■ PROBLEM REQUIREMENTS
Take the entries below and reproduce exactly the portion that begins at the line containing "XYZ 36.889,18.842,11.818 Color" and ends at the line containing "Take a look", keeping both ends, dropping pictures, and adding nothing else.

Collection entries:
____

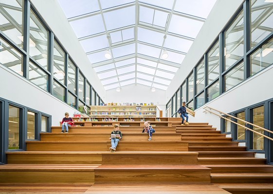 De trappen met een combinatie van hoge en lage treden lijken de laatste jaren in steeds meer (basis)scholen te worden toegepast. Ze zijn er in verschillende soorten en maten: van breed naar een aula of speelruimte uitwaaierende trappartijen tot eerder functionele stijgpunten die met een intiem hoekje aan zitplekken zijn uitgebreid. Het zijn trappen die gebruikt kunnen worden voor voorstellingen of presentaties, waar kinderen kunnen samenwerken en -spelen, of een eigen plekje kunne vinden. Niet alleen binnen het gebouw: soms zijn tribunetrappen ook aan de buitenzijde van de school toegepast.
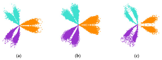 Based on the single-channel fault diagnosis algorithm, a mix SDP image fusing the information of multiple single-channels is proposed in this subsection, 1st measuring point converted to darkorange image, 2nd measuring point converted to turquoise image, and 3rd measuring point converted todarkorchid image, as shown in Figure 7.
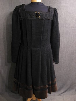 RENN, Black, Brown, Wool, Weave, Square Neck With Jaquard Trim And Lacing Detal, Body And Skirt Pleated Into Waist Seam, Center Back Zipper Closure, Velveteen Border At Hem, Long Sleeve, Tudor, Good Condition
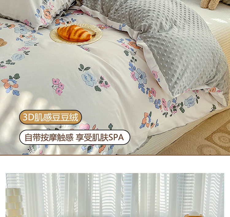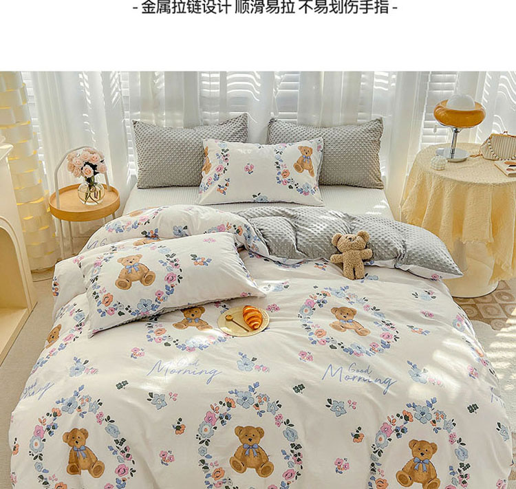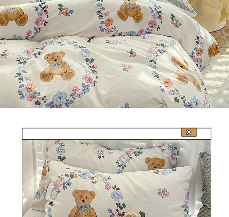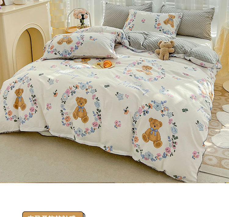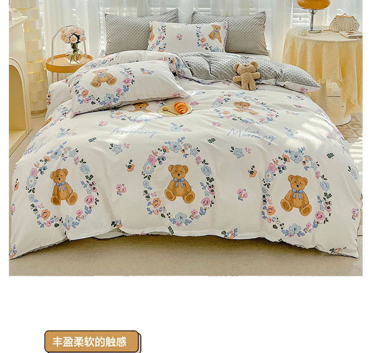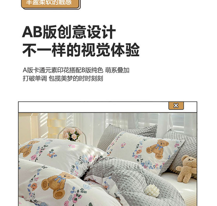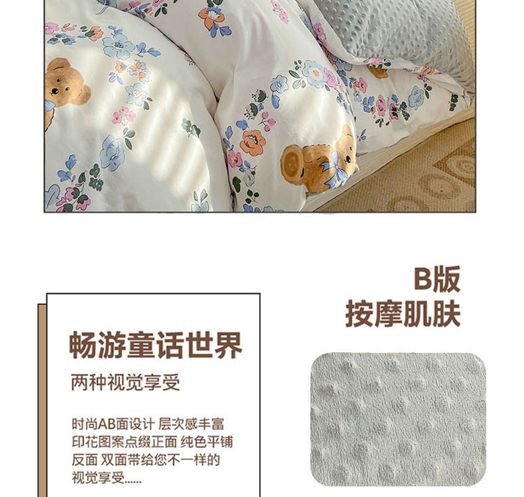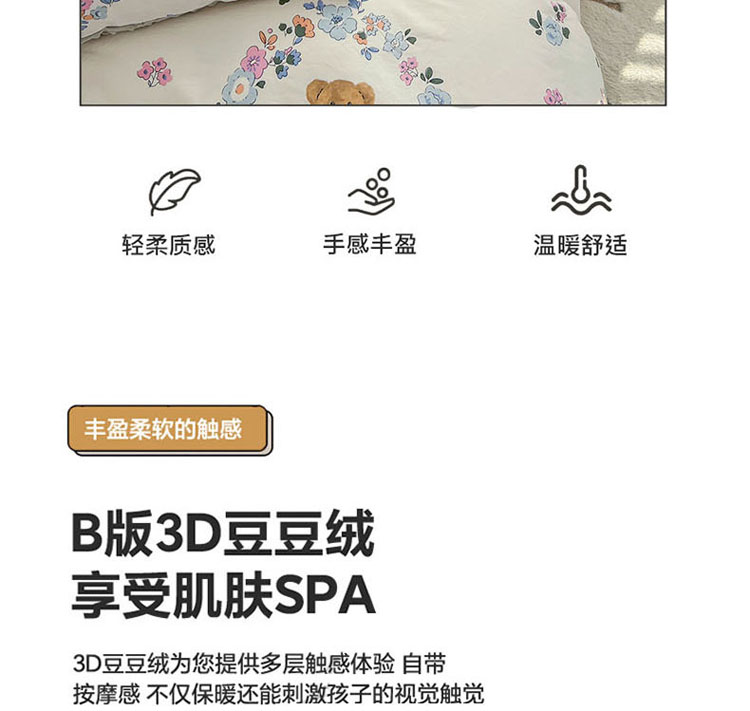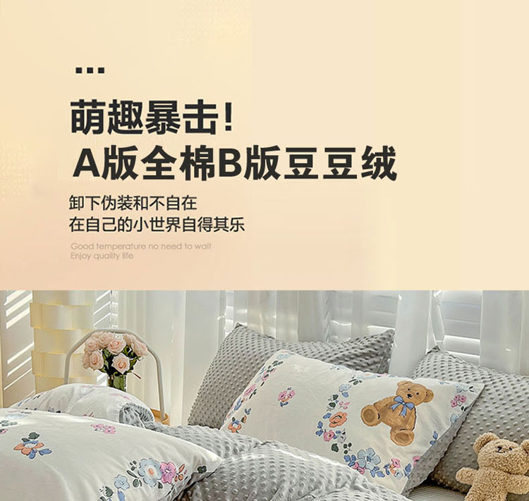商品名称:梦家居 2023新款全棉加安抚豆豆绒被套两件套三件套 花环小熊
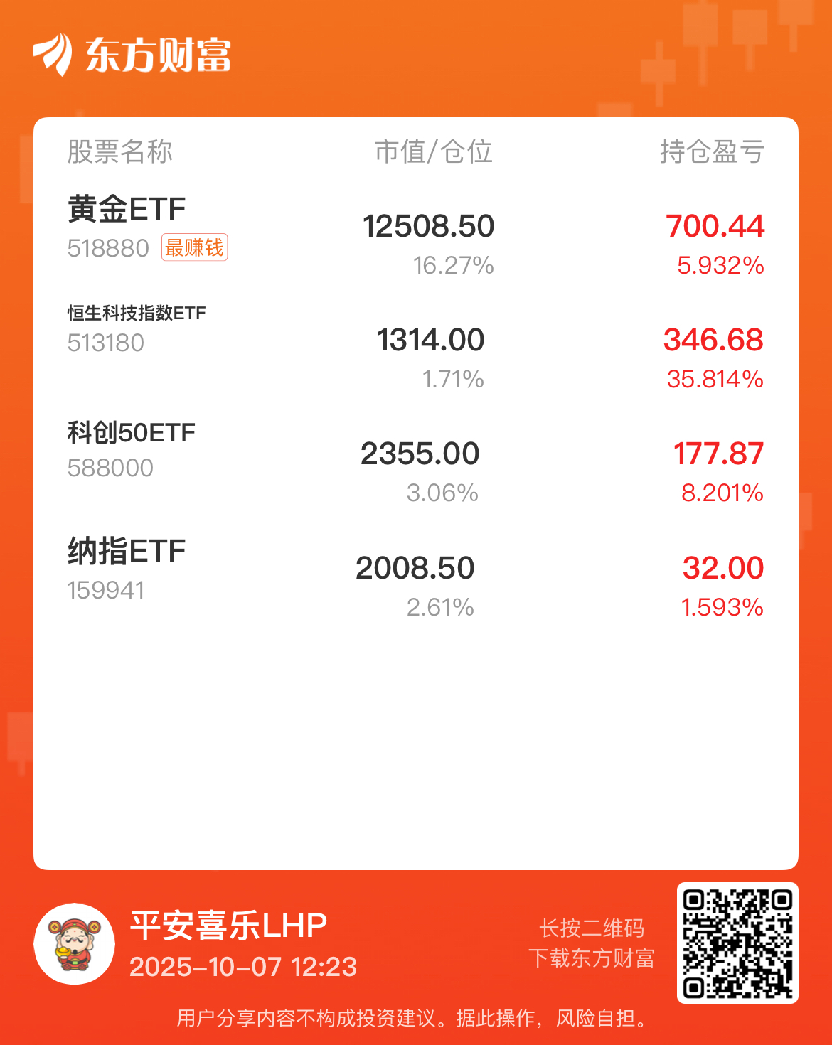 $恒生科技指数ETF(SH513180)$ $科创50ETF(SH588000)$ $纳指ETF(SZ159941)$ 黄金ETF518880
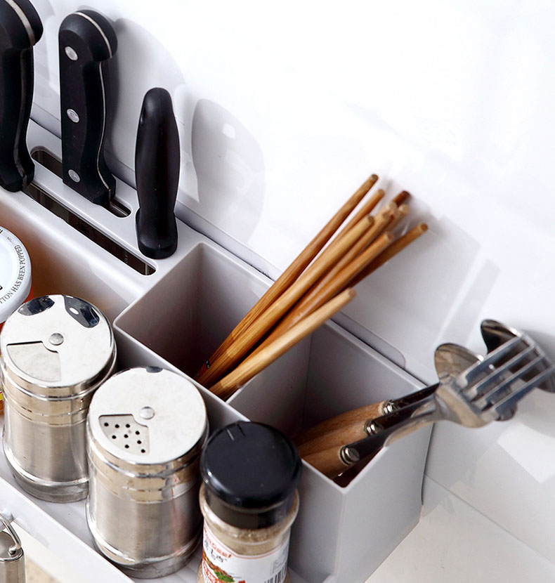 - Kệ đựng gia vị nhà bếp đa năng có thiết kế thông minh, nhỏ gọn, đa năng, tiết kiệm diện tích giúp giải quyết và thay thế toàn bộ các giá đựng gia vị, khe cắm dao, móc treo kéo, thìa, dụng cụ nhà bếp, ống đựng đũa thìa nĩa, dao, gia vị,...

____

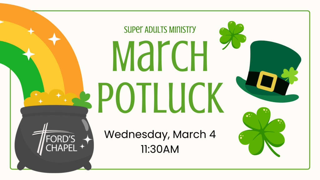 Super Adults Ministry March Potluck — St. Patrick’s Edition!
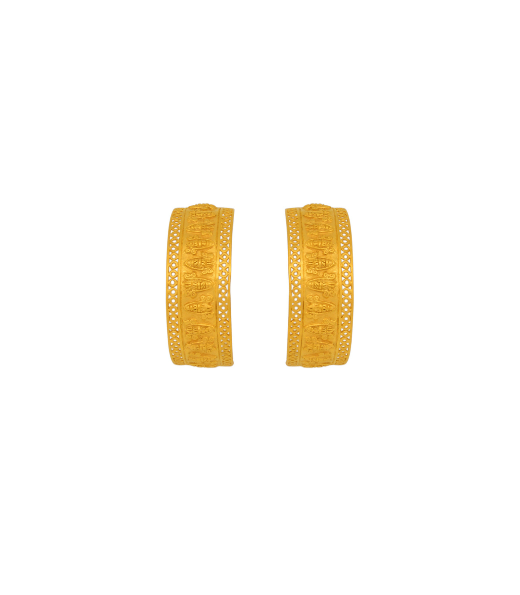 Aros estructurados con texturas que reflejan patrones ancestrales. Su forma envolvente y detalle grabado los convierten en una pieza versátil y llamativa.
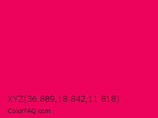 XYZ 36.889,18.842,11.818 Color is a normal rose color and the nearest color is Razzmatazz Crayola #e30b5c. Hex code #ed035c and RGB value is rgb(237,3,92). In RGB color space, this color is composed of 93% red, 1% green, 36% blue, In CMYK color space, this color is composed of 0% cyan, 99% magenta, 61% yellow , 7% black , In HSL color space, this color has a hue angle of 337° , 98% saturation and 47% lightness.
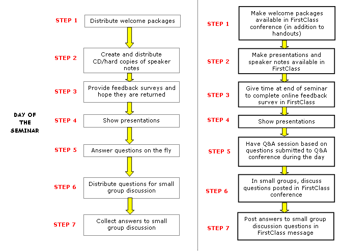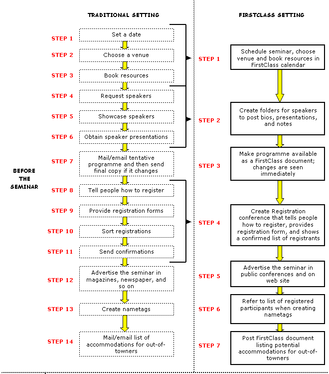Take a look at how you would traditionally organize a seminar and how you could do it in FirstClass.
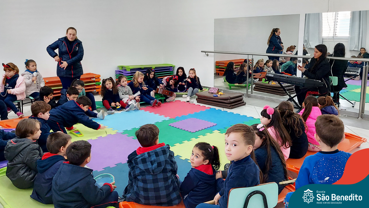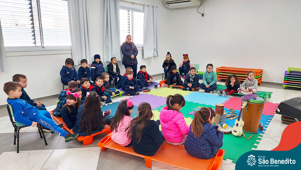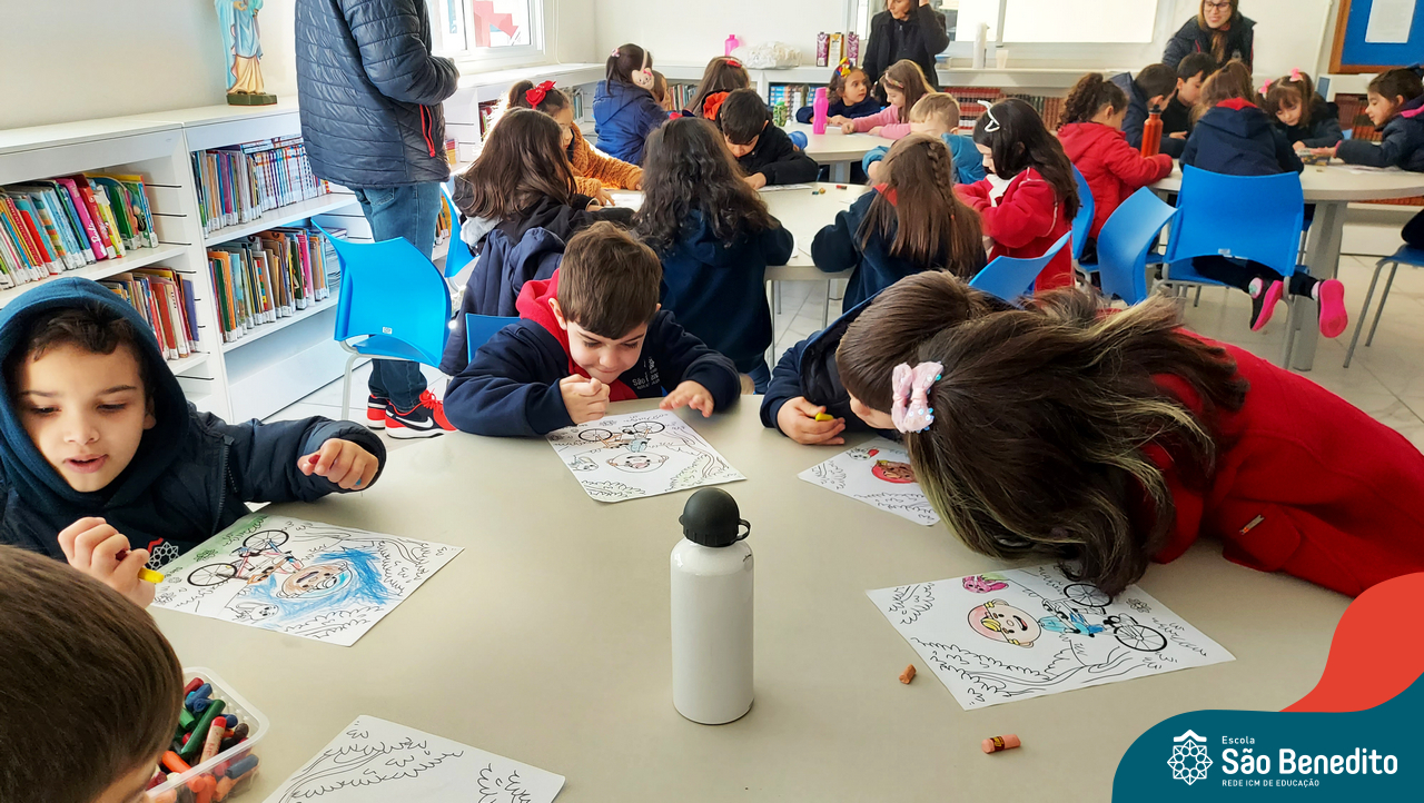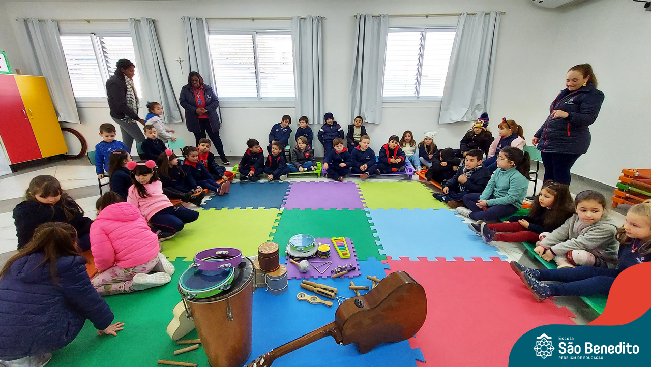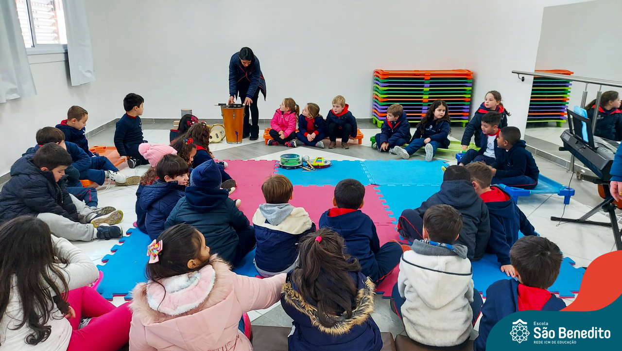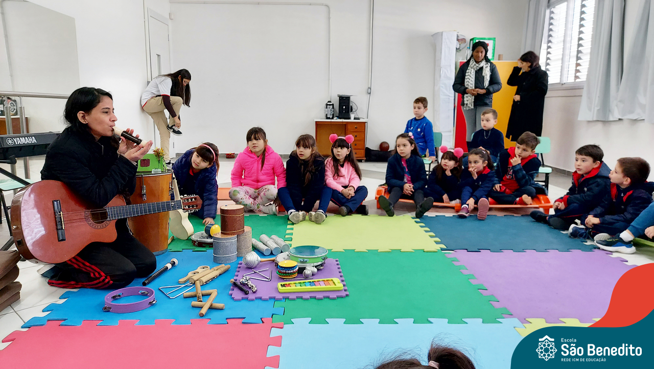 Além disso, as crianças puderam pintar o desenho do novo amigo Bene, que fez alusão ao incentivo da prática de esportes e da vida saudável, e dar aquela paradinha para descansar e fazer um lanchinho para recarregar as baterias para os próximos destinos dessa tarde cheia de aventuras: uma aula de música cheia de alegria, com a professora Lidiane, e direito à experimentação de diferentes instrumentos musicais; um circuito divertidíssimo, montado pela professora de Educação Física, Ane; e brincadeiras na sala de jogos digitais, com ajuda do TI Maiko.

____

■ SOLVED PROBLEM
 XYZ 36.889,18.842,11.818 Color is a normal rose color and the nearest color is Razzmatazz Crayola #e30b5c. Hex code #ed035c and RGB value is rgb(237,3,92). In RGB color space, this color is composed of 93% red, 1% green, 36% blue, In CMYK color space, this color is composed of 0% cyan, 99% magenta, 61% yellow , 7% black , In HSL color space, this color has a hue angle of 337° , 98% saturation and 47% lightness.
Take a look at how you would traditionally organize a seminar and how you could do it in FirstClass.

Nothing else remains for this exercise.